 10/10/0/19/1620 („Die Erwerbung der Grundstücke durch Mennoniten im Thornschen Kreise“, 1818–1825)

---

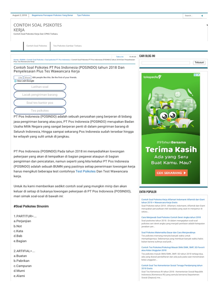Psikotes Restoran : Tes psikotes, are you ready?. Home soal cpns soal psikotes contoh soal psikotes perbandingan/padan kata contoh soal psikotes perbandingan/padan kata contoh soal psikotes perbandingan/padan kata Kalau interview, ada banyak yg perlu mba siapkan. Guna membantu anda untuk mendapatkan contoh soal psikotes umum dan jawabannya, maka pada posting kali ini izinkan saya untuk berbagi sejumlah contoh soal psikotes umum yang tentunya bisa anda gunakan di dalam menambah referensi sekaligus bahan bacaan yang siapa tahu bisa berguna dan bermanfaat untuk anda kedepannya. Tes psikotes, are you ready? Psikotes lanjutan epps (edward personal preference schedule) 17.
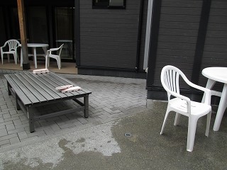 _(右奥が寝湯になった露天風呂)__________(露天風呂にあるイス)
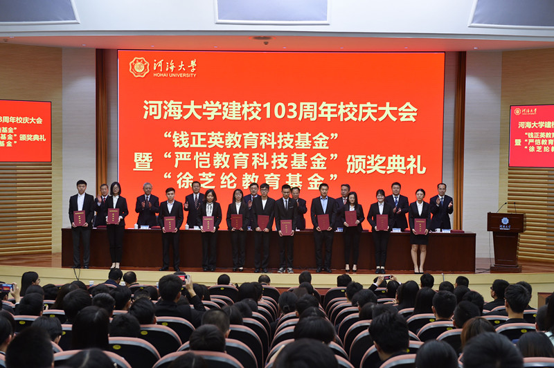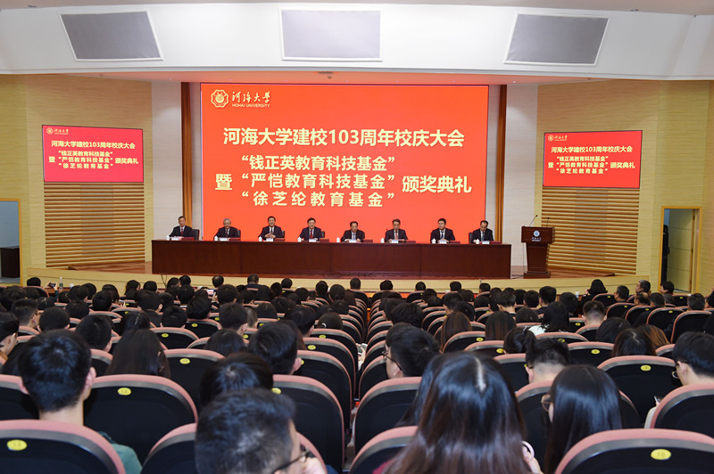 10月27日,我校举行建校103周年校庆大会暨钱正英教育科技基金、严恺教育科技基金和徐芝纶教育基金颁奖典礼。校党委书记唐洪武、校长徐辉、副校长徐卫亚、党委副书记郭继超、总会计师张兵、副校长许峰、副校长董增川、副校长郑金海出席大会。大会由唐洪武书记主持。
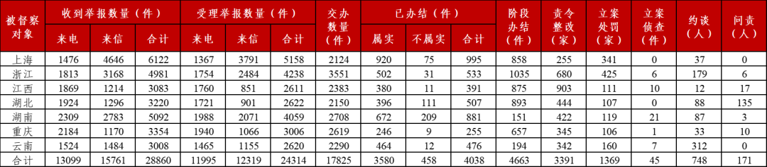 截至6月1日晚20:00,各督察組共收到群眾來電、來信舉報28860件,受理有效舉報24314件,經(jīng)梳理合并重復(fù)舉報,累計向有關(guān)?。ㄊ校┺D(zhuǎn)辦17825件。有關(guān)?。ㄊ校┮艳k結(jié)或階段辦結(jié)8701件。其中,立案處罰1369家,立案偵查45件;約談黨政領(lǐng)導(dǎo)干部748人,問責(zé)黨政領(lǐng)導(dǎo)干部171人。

---

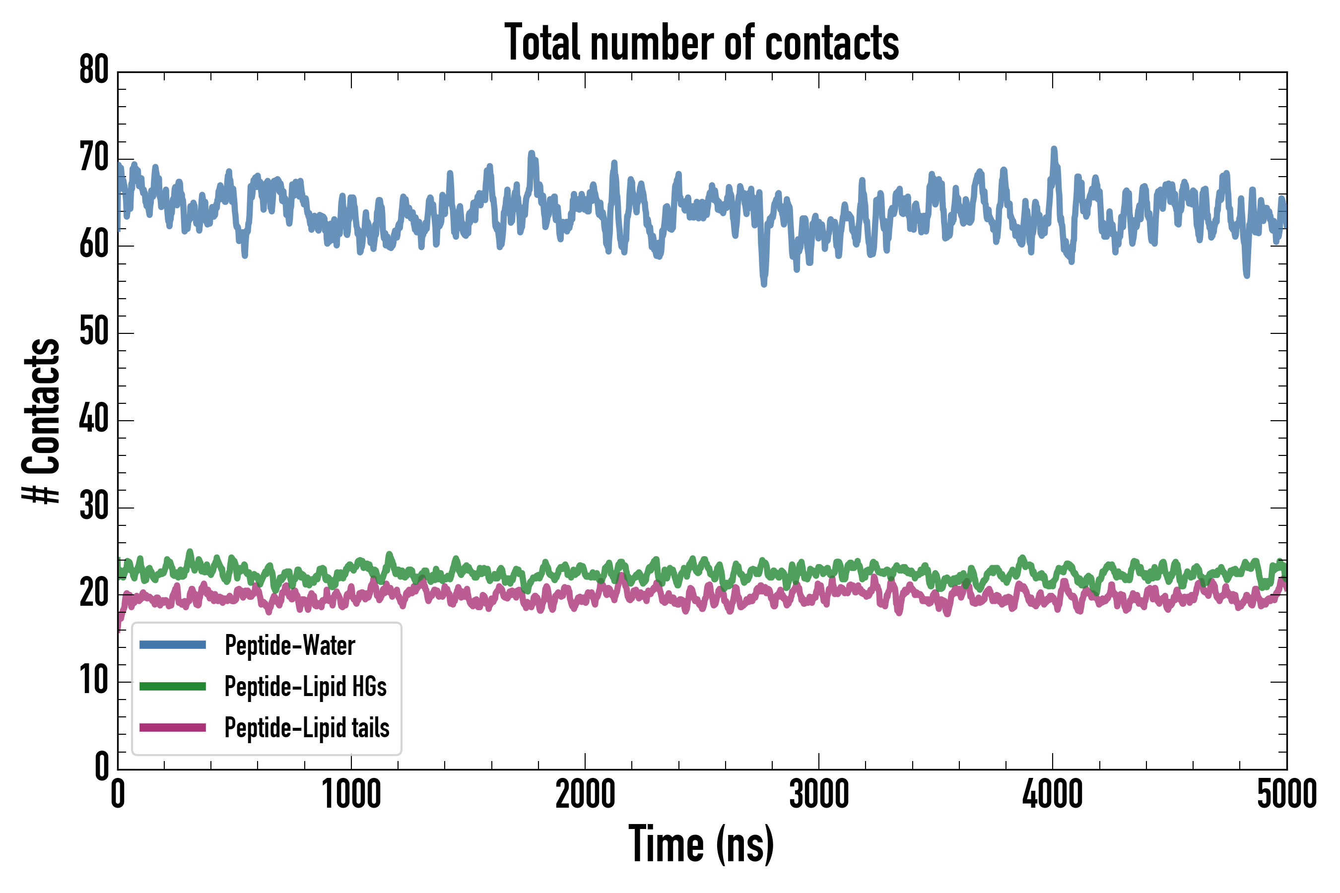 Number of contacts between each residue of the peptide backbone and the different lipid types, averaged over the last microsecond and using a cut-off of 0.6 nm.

__PROBLEM DETAILS__. In the listing above, find the line with "Psikotes Restoran : Tes" and the line with "截至6月1日晚20:00,各". Transcribe those two and everything between, exactly, leaving out pictures.

__OUTPUT FOR THIS EXERCISE__.
Psikotes Restoran : Tes psikotes, are you ready?. Home soal cpns soal psikotes contoh soal psikotes perbandingan/padan kata contoh soal psikotes perbandingan/padan kata contoh soal psikotes perbandingan/padan kata Kalau interview, ada banyak yg perlu mba siapkan. Guna membantu anda untuk mendapatkan contoh soal psikotes umum dan jawabannya, maka pada posting kali ini izinkan saya untuk berbagi sejumlah contoh soal psikotes umum yang tentunya bisa anda gunakan di dalam menambah referensi sekaligus bahan bacaan yang siapa tahu bisa berguna dan bermanfaat untuk anda kedepannya. Tes psikotes, are you ready? Psikotes lanjutan epps (edward personal preference schedule) 17.
 _(右奥が寝湯になった露天風呂)__________(露天風呂にあるイス)
 10月27日,我校举行建校103周年校庆大会暨钱正英教育科技基金、严恺教育科技基金和徐芝纶教育基金颁奖典礼。校党委书记唐洪武、校长徐辉、副校长徐卫亚、党委副书记郭继超、总会计师张兵、副校长许峰、副校长董增川、副校长郑金海出席大会。大会由唐洪武书记主持。
 截至6月1日晚20:00,各督察組共收到群眾來電、來信舉報28860件,受理有效舉報24314件,經(jīng)梳理合并重復(fù)舉報,累計向有關(guān)?。ㄊ校┺D(zhuǎn)辦17825件。有關(guān)?。ㄊ校┮艳k結(jié)或階段辦結(jié)8701件。其中,立案處罰1369家,立案偵查45件;約談黨政領(lǐng)導(dǎo)干部748人,問責(zé)黨政領(lǐng)導(dǎo)干部171人。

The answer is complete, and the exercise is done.